Si l’étendue se réduit à des rapports entre des impressions, comme les seuls rapports que nous saisissions immédiatement entre nos états de conscience sont des ressemblances ou des successions dans le temps, on se trouve ainsi conduit à ramener l’espace au temps. L’auteur expose brièvement la doctrine de Brown, Stuart Mill et Bain sur ce sujet. Il la combat. D’après lui, cette tentative d’explication suppose elle-même la notion d’espace, ou, ce qui est identique, d’une « succession synchronique ». Elle suppose aussi que le mouvement part d’un point ; or ce point est une détermination dans l’espace.
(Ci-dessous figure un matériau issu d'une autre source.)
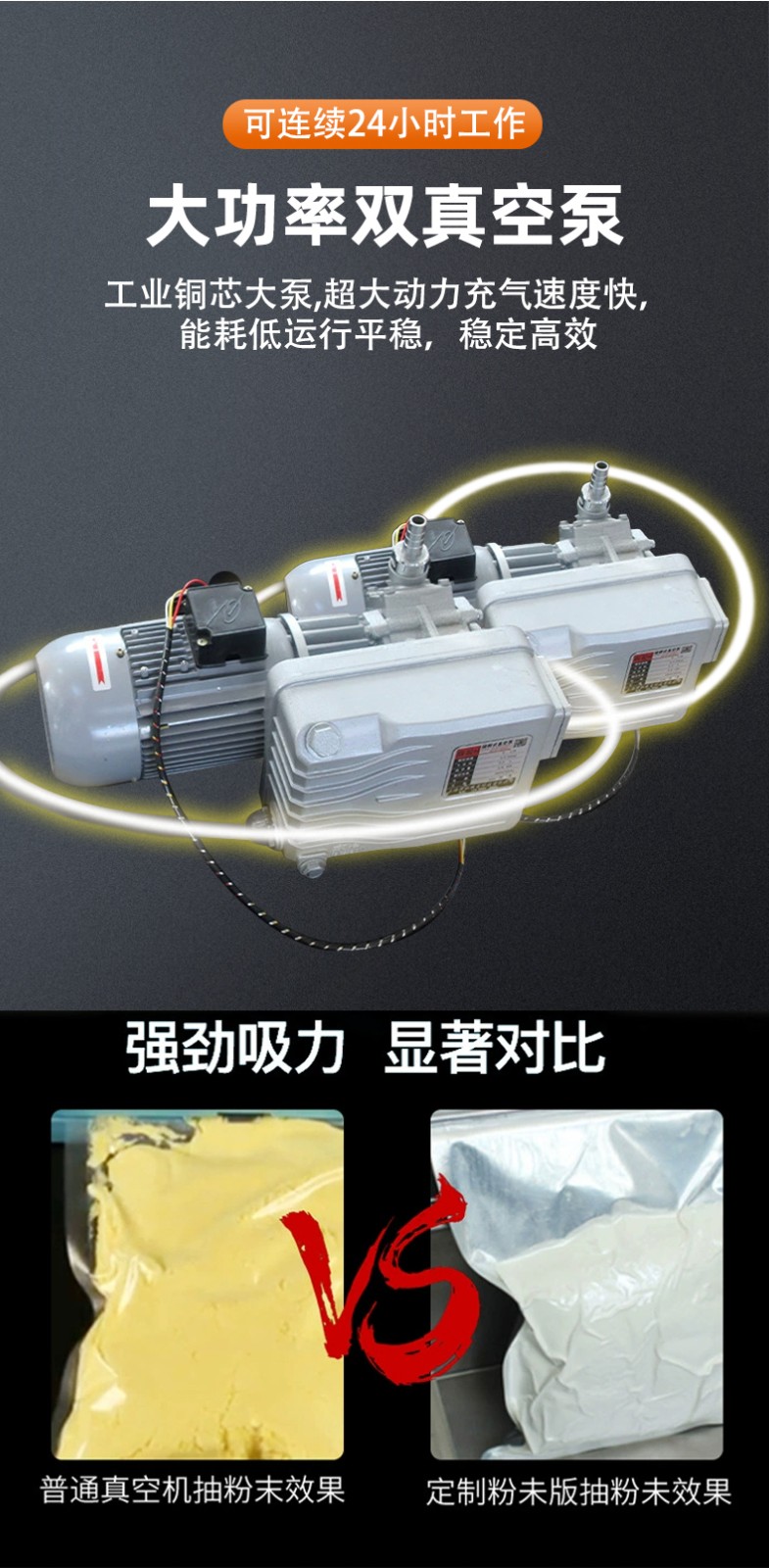 • 袋口立封形式:采用袋口立封的方式,可連同產(chǎn)品的外包裝,如桶、盒等,直接放置于真空室內(nèi),完成內(nèi)袋的真空封口,使包裝成品更加美觀59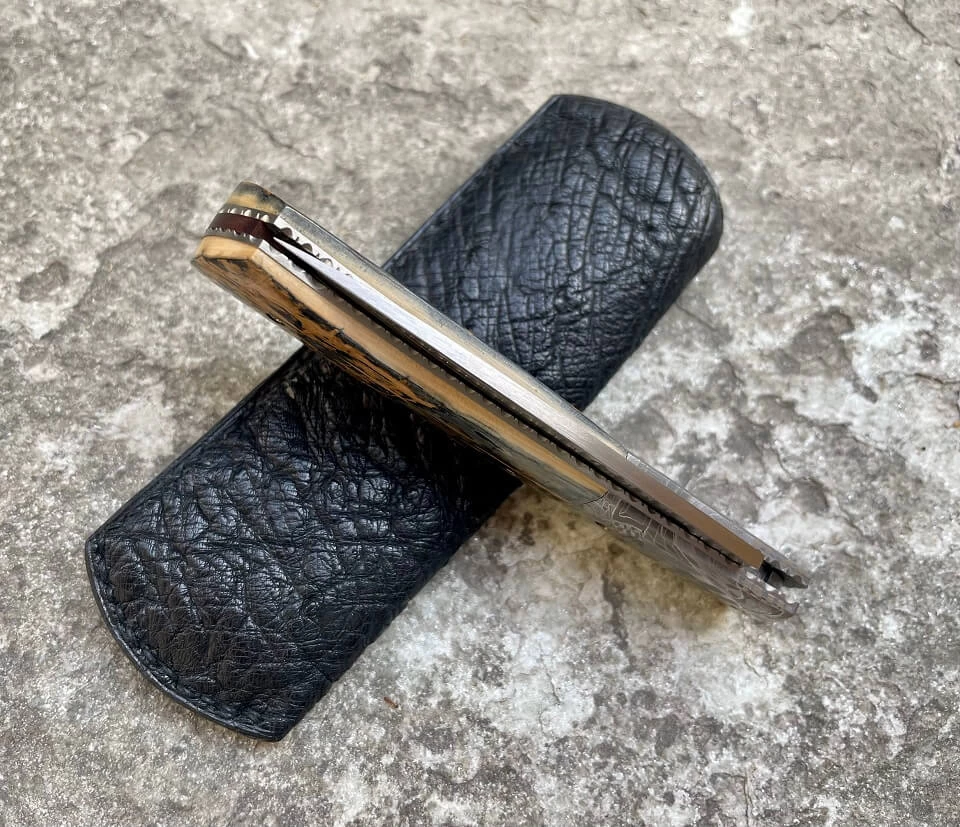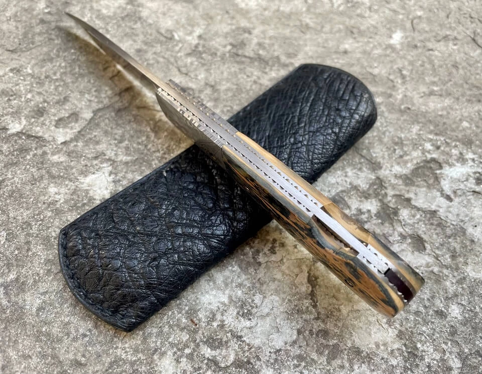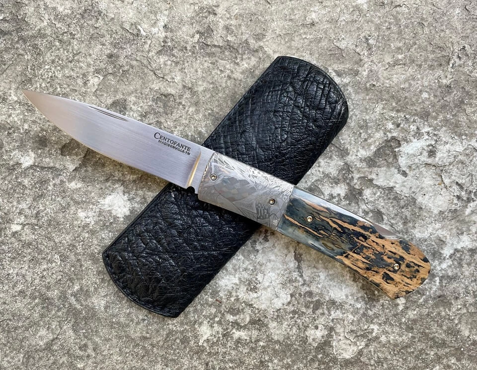 Couteau de Frank Centofante. Lame de 7.3cm en acier ATS34 satinée en long. Mitre en damas mosaïque. Platines guillochées en inox. Plaquettes vissées en ivoire de mammouth. Intercalaire arrière en micarta brun. Cran à pompe. Longueur totale 17.5cm. Superbe couteau réalisé par une des légendes de la coutellerie US du XXème siècle.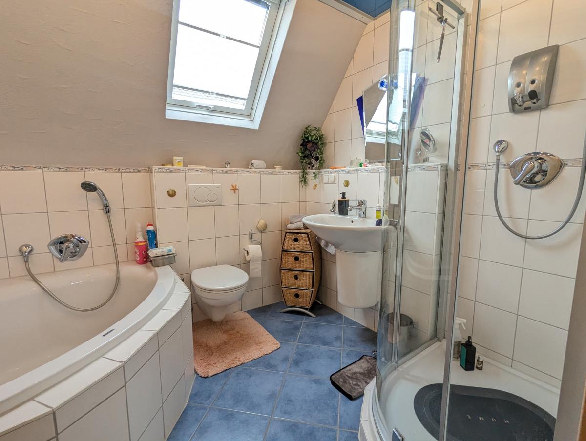 Das Obergeschoss verfügt über drei bis vier individuell nutzbare Zimmer (ein Durchgangszimmer) ideal als Schlafzimmer, Kinderzimmer oder Büro. Hinzu kommt ein Gäste-WC sowie ein weiteres Badezimmer mit Wanne und Dusche.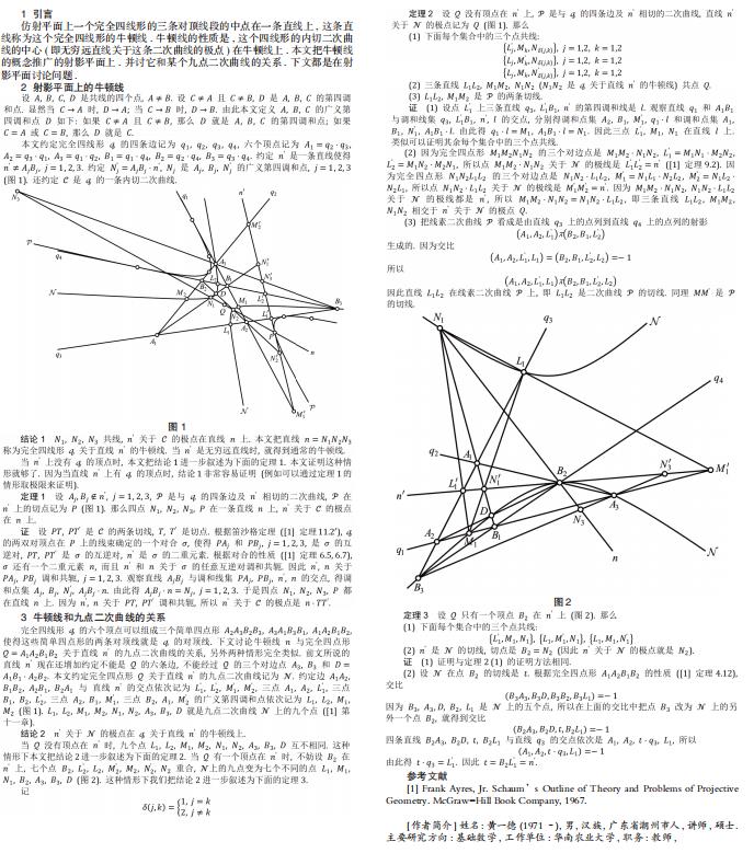 仿射平面上一个完全四线形的三条对顶线段的中点在一条直线上 ,…这条直线称为这个完全四线形的牛顿线 .…牛顿线的性质是 ,…这个四线形的内切二次曲线的中心…( 即无穷远直线关于这条二次曲线的极点)…在牛顿线上.…本文把牛顿线的概念推广的射影平面上 .…并讨它和某个九点二次曲线的关系 .…下文都是在射影平面讨论问题.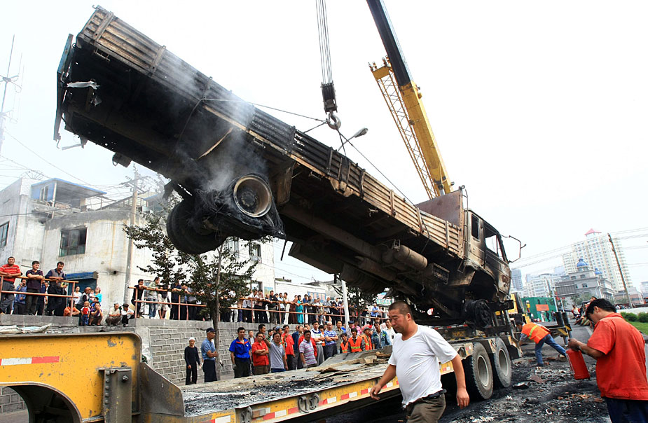 7月6日,烏魯木齊市的工作人員在清理被犯罪分子焚燒的汽車。在5日晚發(fā)生的嚴(yán)重暴力犯罪事件中,已造成140人死亡,800多人受傷;被毀車輛達(dá)260部;受損門面房203間,民房14間,總過(guò)火面積達(dá)到56850平方米,全市共有220多處縱火點(diǎn),有兩棟樓房被燒毀。中新社發(fā) 劉新 攝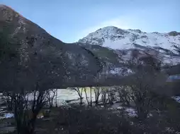 The main attraction is a winding, yellow calcium carbonate formation on the upper part of the mountain, resembling a giant yellow dragon lying in the snow-capped valley.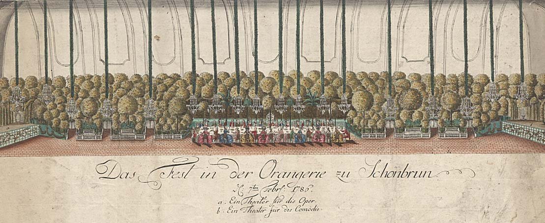 皇帝ヨーゼフ2世の時代、冬になると、今日と同じようにオランジェリーに鉢植え植物が集められ、祝宴用のテーブルセッティングが行われました。皇帝は、ロシア旅行中にサンクトペテルブルクで、このような祝宴に出席しました。1785年2月6日、皇帝ヨーゼフ2は、抽選で選ばれた貴族56名のために、祝宴用のテーブルを用意しました。招待された貴族のひとりは、 「厳しい冬でも、豪華に飾られたテーブルの上では、全季節の花が芳香を放ち、最高に美しい照明に照らされたビターオレンジとレモンの木が周囲に置かれていました。食事の後には、花で飾られた冬の間で、演劇と舞踏会で素晴らしいひと時を過ごしました」と感想を述べています。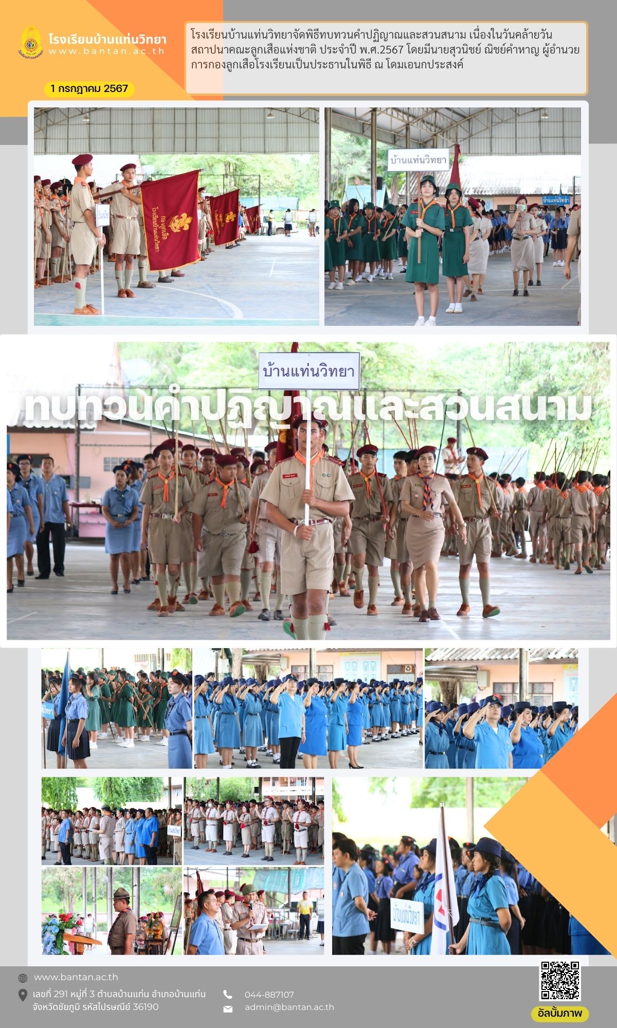 พิธีทบทวนคำปฏิญาณและสวนสนาม เนื่องในวันคล้ายวันสถาปนาคณะลูกเสือแห่งชาติ ประจำปี พ.ศ.2567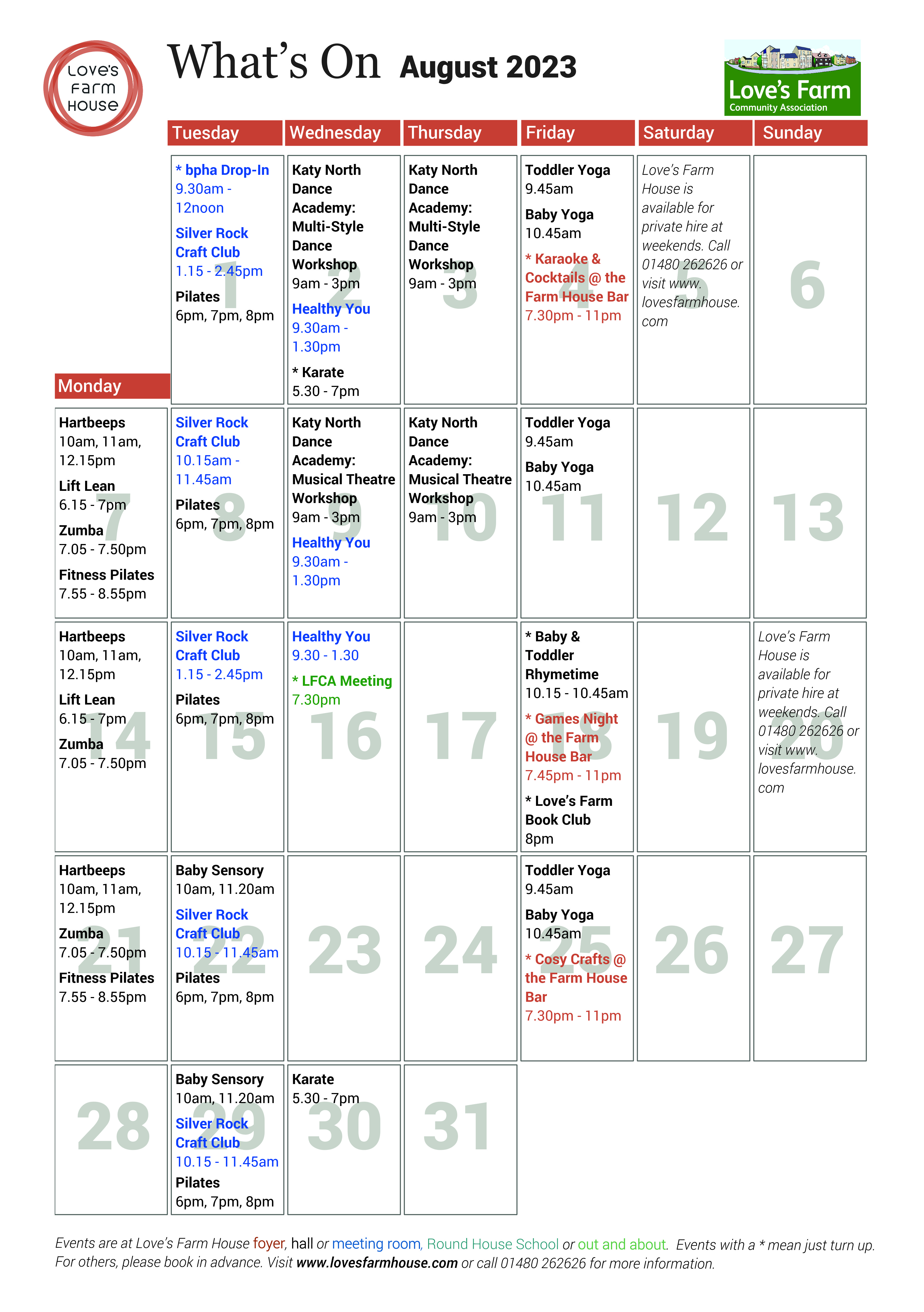 It may be the school holidays, but there’s plenty going on at Love’s Farm House this August!

C’est aussi une grande difficulté de la question que d’expliquer l’extériorité. Cela n’est possible que du moment où l’on s’élève au-dessus de la pure sensation pour penser ; car « penser c’est saisir des rapports universels entre nos expériences particulières, c’est découvrir ce qu’ils signifient ». La première expression naïve de cette découverte est donnée dans le sens de l’espace, c’est-à-dire d’une extériorité par rapport à nous. Dans la théorie des signes locaux proposée par Lotze, adoptée par Helmholtz et Wundt avec quelques modifications, l’expérience apparaît comme une fonction logique, comme un procédé d’interprétation : mais cette théorie est loin de répondre à tout.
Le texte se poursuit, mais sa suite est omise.